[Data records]
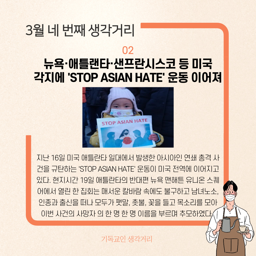 에디터 👨🏻 : 지난주 전해드렸던 '애틀랜타 총격 사건' 다들 기억하고 계시죠? 지금 미국은 1500km나 떨어진 뉴욕 맨해튼을 포함한 각지에서 이번 사건에 대해 함께 분노하고 나아가 사망자들을 함께 애도하고 있습니다.🙏 다들 아시겠지만, 'STOP ASIAN HATE', 이 문장에 함축된 뜻은 단순히 아시아계 인종에 대한 차별을 멈춰달라는 뜻이 아니라 이 세상 속 남들과 조금 다르단 이유로 차별과 비하, 심지어는 멸시까지 당하는 이들의 아우성입니다. 우리 모두 함께 희생자들을 추모하며 다시는 이런 일이 일어나지 않도록 함께 주변을 돌아보고, 'STOP ASIAN HATE ❌' 운동에 동참해 주시기 바라요!
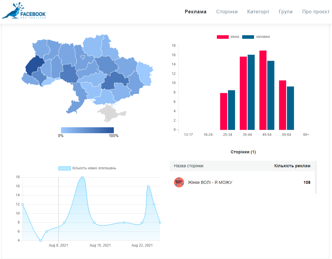 4 393 доларів — саме стільки сягнули витрати на рекламу зі сторінкиі однієї із ініціатив політичної партії Воля “Жінки ВОЛІ - Я МОЖУ”. Просуваються на сторінці освітні курси від ініціативи. Але таргетується реклама як на жіночу, так і на чоловічу аудиторію рівною мірою. Переважають покази для користувачів із Львівщини, Дніпропетровщини, Вінниччини. Оплачує промоцію Ольга Ситник — членкиня ради партії “Воля” та засновниця громадської організації “Жінки ВОЛІ” та жіночого рух “Я МОЖУ!”.
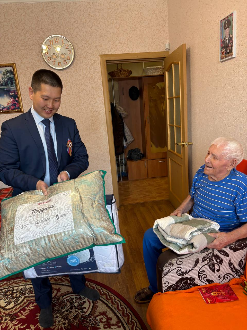 Пожелали ему крепкого здоровья и долгих лет жизни! Подарили на память подарки: одеяло, подушку, плед, торт и цветы.
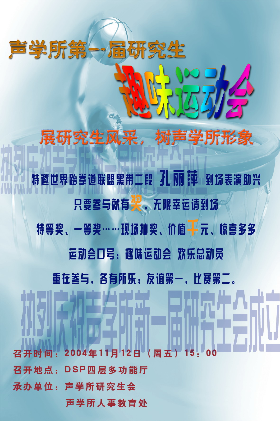为了庆祝赢乐welcome研究生会的成立,丰富所里职工、学生的文体生活,进一步增进所内人员的身心健康,凝聚积极向上的赢乐welcome精神,树立良好的赢乐welcome形象,由刚刚成立的新一届研究生会发起、筹划的所首届研究生趣味运动会将于本周召开,现将有关事项通知如下:
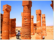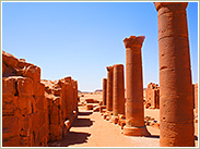 紀元前3世紀、メロエ王国時代に建設されたアモン神殿など、大きな石造りの遺跡が残っています。列柱にもヒエログリフ(神聖文字)がびっしりと彫られ、神殿内部に至る参道の両脇には羊の姿で表されるアモン神がスフィンクスのように控えています。
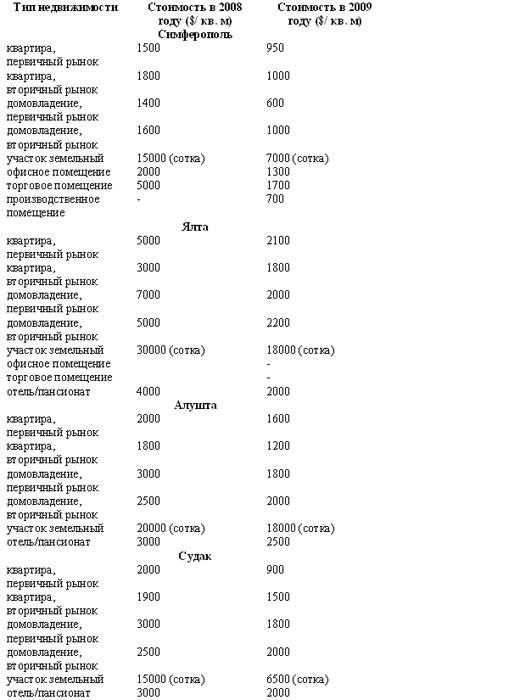 Мониторинг цен на жилую и коммерческую недвижимость в Крыму в 2009 году
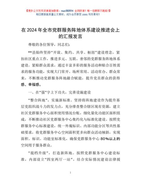 / 在2024年全市党群服务阵地体系建设推进会上的汇报发言
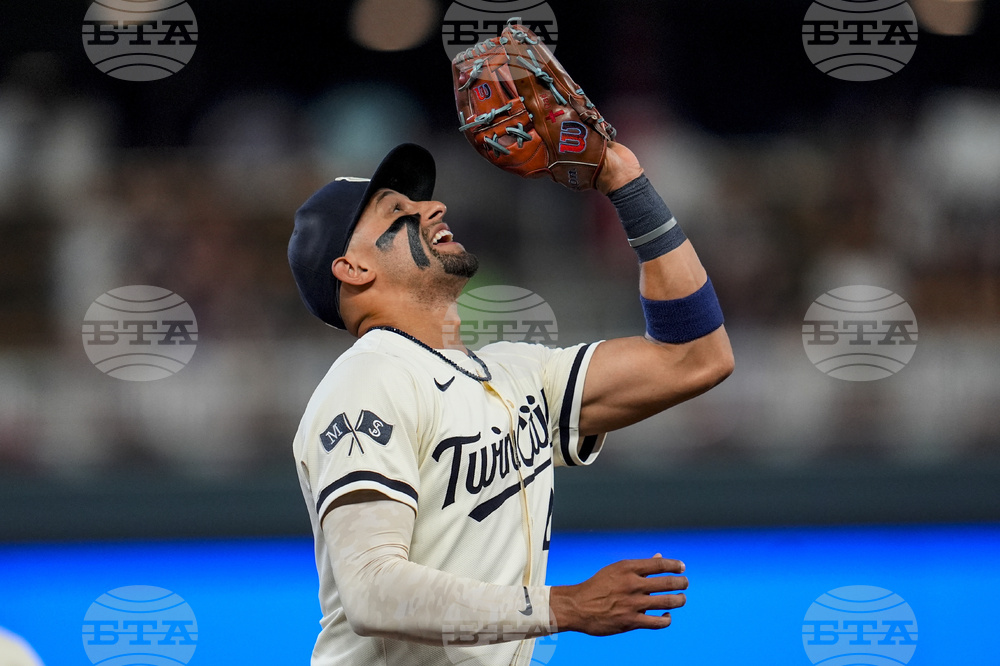 Minnesota Twins outfielder Austin Martin (16) fields a ball hit by New York Yankees' Ryan McMahon in the fourth inning of a baseball game, Tuesday, Sept. 16, 2025, in Minneapolis. (AP Photo/Mike Stewart)
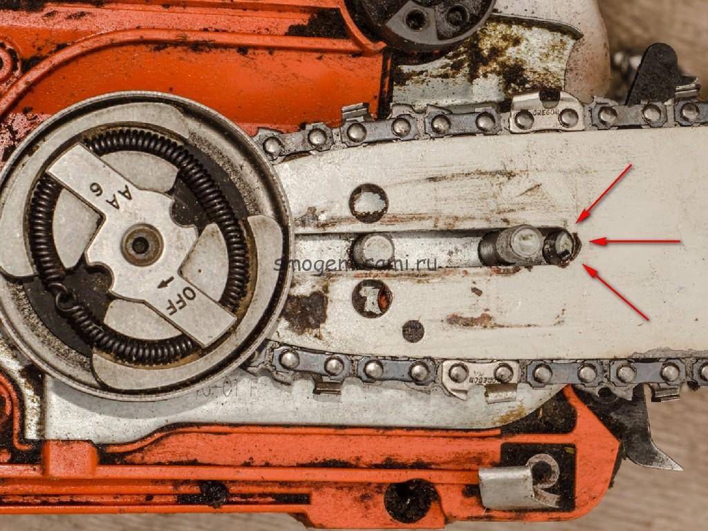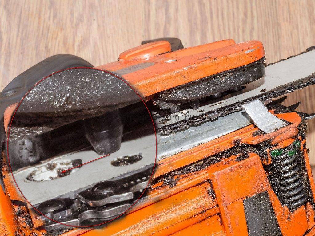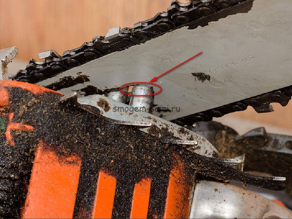 Уже предвкушая возросшую до небес производительность пилы с новой цепью, ставлю все на место. Не скажу, что легко, но шина становится, а цепь одевается и свободно прокручивается. А вот при попытке поставить на место крышку, натыкаюсь еще на один «нежданчик» — даже уведенный в крайнее левое положение палец натяжителя цепи не дотягивается до своего паза в шине.
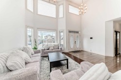 This is a wonderful opportunity to own a spacious home in the highly sought-after Kinniburgh community in Chestermere. With over 4,600+ sq ft of living space, a walkout basement, and a warm, inviting layout, this house is ready to become your family's haven. From the moment one steps through the foyer, the home reveals its character. An open, bright ambiance tempered by a gracious 9-foot ceiling and an open-concept layout that softly guides the eye toward generous windows, allowing abundant natural light to wash the interior. The main level elegantly balances reception spaces with everyday livability. A den offers a quiet retreat for study or work, while a half-bath serves guests with discreet practicality. The heart of the home lies in the expansive kitchen, where a substantial island anchors the space, storage is abundant, and quartz countertops gleam beneath a stylish backsplash and contemporary cabinetry. The living and dining areas flow seamlessly from the kitchen, forming an ideal stage for gatherings that feel effortless and intimate in equal measure.Ascending to the upper level, one discovers a sanctuary of repose. The master bedroom stands as a cavernous retreat, complete with a walk-in closet and a private four-piece ensuite, a haven designed for daily renewal. The level continues with 3 additional well-proportioned bedrooms, a full four-piece bathroom, and a bonus room that offers flexible space for relaxation.. A convenient laundry area completes this floor, aligning comfort with practicality.The journey continues downstairs, where the fully finished WALKOUT basement awaits. Here, two more bedrooms, a full kitchen and a full bathroom provide ample accommodation for guests or family members seeking privacy, while a separate side entrance enhances the suite’s (ILLEGAL) versatility for multi-generational living or rental opportunities.
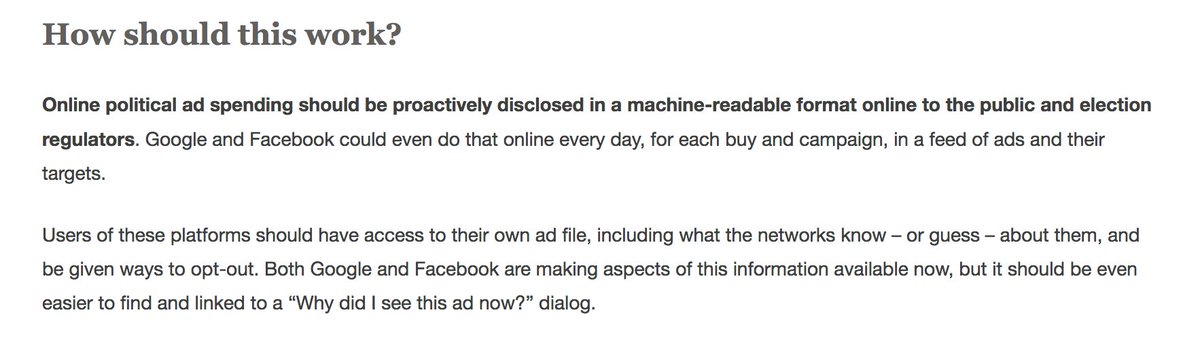 Real transparency at @facebook: a public file of all paid political ads, on a public website with bulk #opendata downloads & an API, none of which require the public to log into @Facebook.
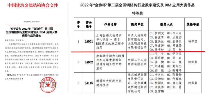 近日,2022 年“金协杯”第三届全国钢结构行业数字建筑及 BIM 应用大赛评审结果公布,由大地钢构主持申报的“上海金鼎天地培训中心项目--基于BIM技术的施工综合应用”作品斩获大赛特等奖。
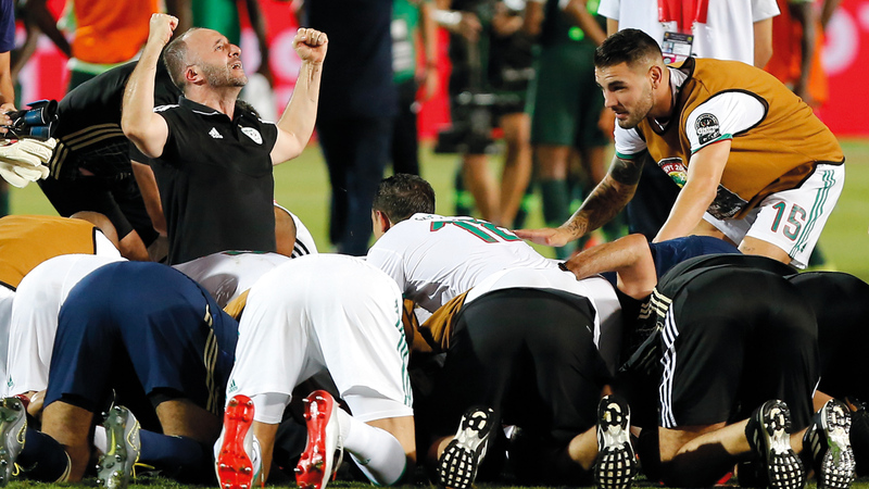 بلماضي يحتفل بالتأهل إلى نهائي أمم إفريقيا. أ.ب
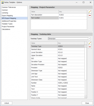 In the “DFD Export Mapping” section you can now define how characteristic data, property values, project parameters and calculated values are assigned to the DFD properties.
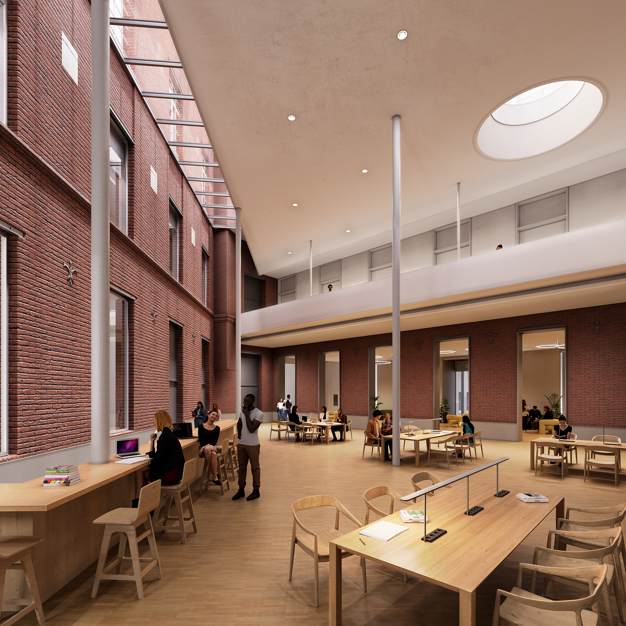 Cette profonde transformation est rendue possible grâce, d’une part, à une refonte de la colonne distributive du bâtiment des années 70, qui permet de gérer maintenant les ruptures de niveaux, et d’autre part, à la création d’une liaison entre les ailes du bâtiment haussmannien. Cette nouvelle structure distributive offre dès lors une plus grande proximité et flexibilité dans les usages quotidiens du Learning-Space et du Work-Space.
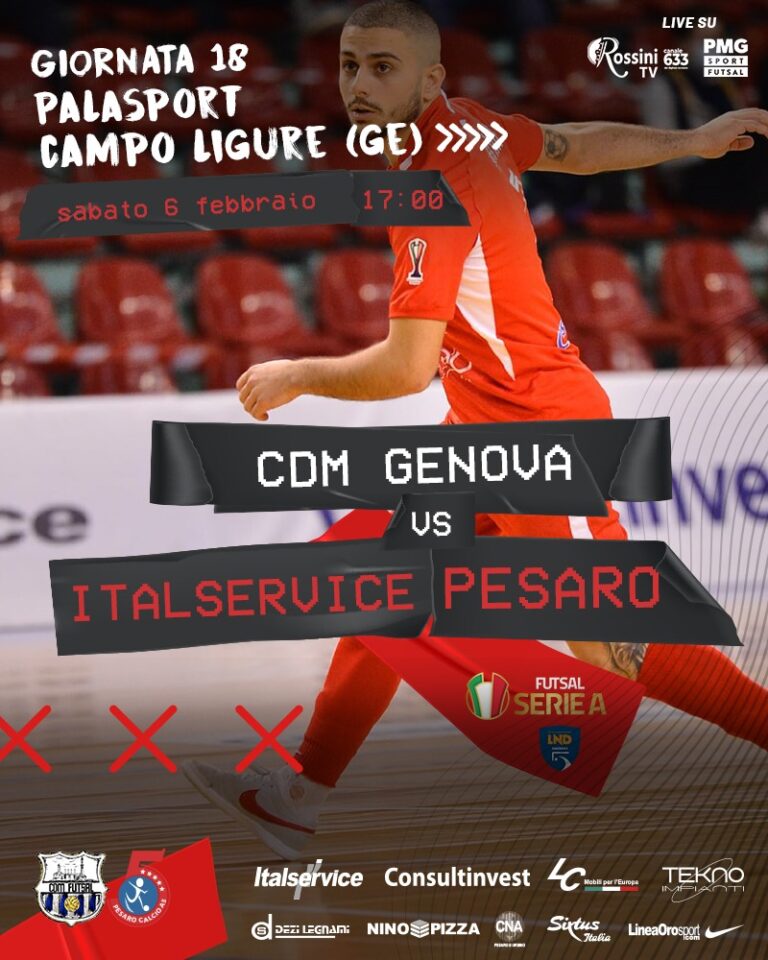 Quindici giorni dopo riecco l’Italservice Pesaro! I biancorossi domani alle 17 faranno visita al fanalino di coda CDM Futsal Genova per la diciottesima giornata di Serie A.

#### WHAT YOU HAVE TO DO
Without including any pictures, copy every line above exactly.

#### TASK RESULT
 에디터 👨🏻 : 지난주 전해드렸던 '애틀랜타 총격 사건' 다들 기억하고 계시죠? 지금 미국은 1500km나 떨어진 뉴욕 맨해튼을 포함한 각지에서 이번 사건에 대해 함께 분노하고 나아가 사망자들을 함께 애도하고 있습니다.🙏 다들 아시겠지만, 'STOP ASIAN HATE', 이 문장에 함축된 뜻은 단순히 아시아계 인종에 대한 차별을 멈춰달라는 뜻이 아니라 이 세상 속 남들과 조금 다르단 이유로 차별과 비하, 심지어는 멸시까지 당하는 이들의 아우성입니다. 우리 모두 함께 희생자들을 추모하며 다시는 이런 일이 일어나지 않도록 함께 주변을 돌아보고, 'STOP ASIAN HATE ❌' 운동에 동참해 주시기 바라요!
 4 393 доларів — саме стільки сягнули витрати на рекламу зі сторінкиі однієї із ініціатив політичної партії Воля “Жінки ВОЛІ - Я МОЖУ”. Просуваються на сторінці освітні курси від ініціативи. Але таргетується реклама як на жіночу, так і на чоловічу аудиторію рівною мірою. Переважають покази для користувачів із Львівщини, Дніпропетровщини, Вінниччини. Оплачує промоцію Ольга Ситник — членкиня ради партії “Воля” та засновниця громадської організації “Жінки ВОЛІ” та жіночого рух “Я МОЖУ!”.
 Пожелали ему крепкого здоровья и долгих лет жизни! Подарили на память подарки: одеяло, подушку, плед, торт и цветы.
为了庆祝赢乐welcome研究生会的成立,丰富所里职工、学生的文体生活,进一步增进所内人员的身心健康,凝聚积极向上的赢乐welcome精神,树立良好的赢乐welcome形象,由刚刚成立的新一届研究生会发起、筹划的所首届研究生趣味运动会将于本周召开,现将有关事项通知如下:
 紀元前3世紀、メロエ王国時代に建設されたアモン神殿など、大きな石造りの遺跡が残っています。列柱にもヒエログリフ(神聖文字)がびっしりと彫られ、神殿内部に至る参道の両脇には羊の姿で表されるアモン神がスフィンクスのように控えています。
 Мониторинг цен на жилую и коммерческую недвижимость в Крыму в 2009 году
 / 在2024年全市党群服务阵地体系建设推进会上的汇报发言
 Minnesota Twins outfielder Austin Martin (16) fields a ball hit by New York Yankees' Ryan McMahon in the fourth inning of a baseball game, Tuesday, Sept. 16, 2025, in Minneapolis. (AP Photo/Mike Stewart)
 Уже предвкушая возросшую до небес производительность пилы с новой цепью, ставлю все на место. Не скажу, что легко, но шина становится, а цепь одевается и свободно прокручивается. А вот при попытке поставить на место крышку, натыкаюсь еще на один «нежданчик» — даже уведенный в крайнее левое положение палец натяжителя цепи не дотягивается до своего паза в шине.
 This is a wonderful opportunity to own a spacious home in the highly sought-after Kinniburgh community in Chestermere. With over 4,600+ sq ft of living space, a walkout basement, and a warm, inviting layout, this house is ready to become your family's haven. From the moment one steps through the foyer, the home reveals its character. An open, bright ambiance tempered by a gracious 9-foot ceiling and an open-concept layout that softly guides the eye toward generous windows, allowing abundant natural light to wash the interior. The main level elegantly balances reception spaces with everyday livability. A den offers a quiet retreat for study or work, while a half-bath serves guests with discreet practicality. The heart of the home lies in the expansive kitchen, where a substantial island anchors the space, storage is abundant, and quartz countertops gleam beneath a stylish backsplash and contemporary cabinetry. The living and dining areas flow seamlessly from the kitchen, forming an ideal stage for gatherings that feel effortless and intimate in equal measure.Ascending to the upper level, one discovers a sanctuary of repose. The master bedroom stands as a cavernous retreat, complete with a walk-in closet and a private four-piece ensuite, a haven designed for daily renewal. The level continues with 3 additional well-proportioned bedrooms, a full four-piece bathroom, and a bonus room that offers flexible space for relaxation.. A convenient laundry area completes this floor, aligning comfort with practicality.The journey continues downstairs, where the fully finished WALKOUT basement awaits. Here, two more bedrooms, a full kitchen and a full bathroom provide ample accommodation for guests or family members seeking privacy, while a separate side entrance enhances the suite’s (ILLEGAL) versatility for multi-generational living or rental opportunities.
 Real transparency at @facebook: a public file of all paid political ads, on a public website with bulk #opendata downloads & an API, none of which require the public to log into @Facebook.
 近日,2022 年“金协杯”第三届全国钢结构行业数字建筑及 BIM 应用大赛评审结果公布,由大地钢构主持申报的“上海金鼎天地培训中心项目--基于BIM技术的施工综合应用”作品斩获大赛特等奖。
 بلماضي يحتفل بالتأهل إلى نهائي أمم إفريقيا. أ.ب
 In the “DFD Export Mapping” section you can now define how characteristic data, property values, project parameters and calculated values are assigned to the DFD properties.
 Cette profonde transformation est rendue possible grâce, d’une part, à une refonte de la colonne distributive du bâtiment des années 70, qui permet de gérer maintenant les ruptures de niveaux, et d’autre part, à la création d’une liaison entre les ailes du bâtiment haussmannien. Cette nouvelle structure distributive offre dès lors une plus grande proximité et flexibilité dans les usages quotidiens du Learning-Space et du Work-Space.
 Quindici giorni dopo riecco l’Italservice Pesaro! I biancorossi domani alle 17 faranno visita al fanalino di coda CDM Futsal Genova per la diciottesima giornata di Serie A.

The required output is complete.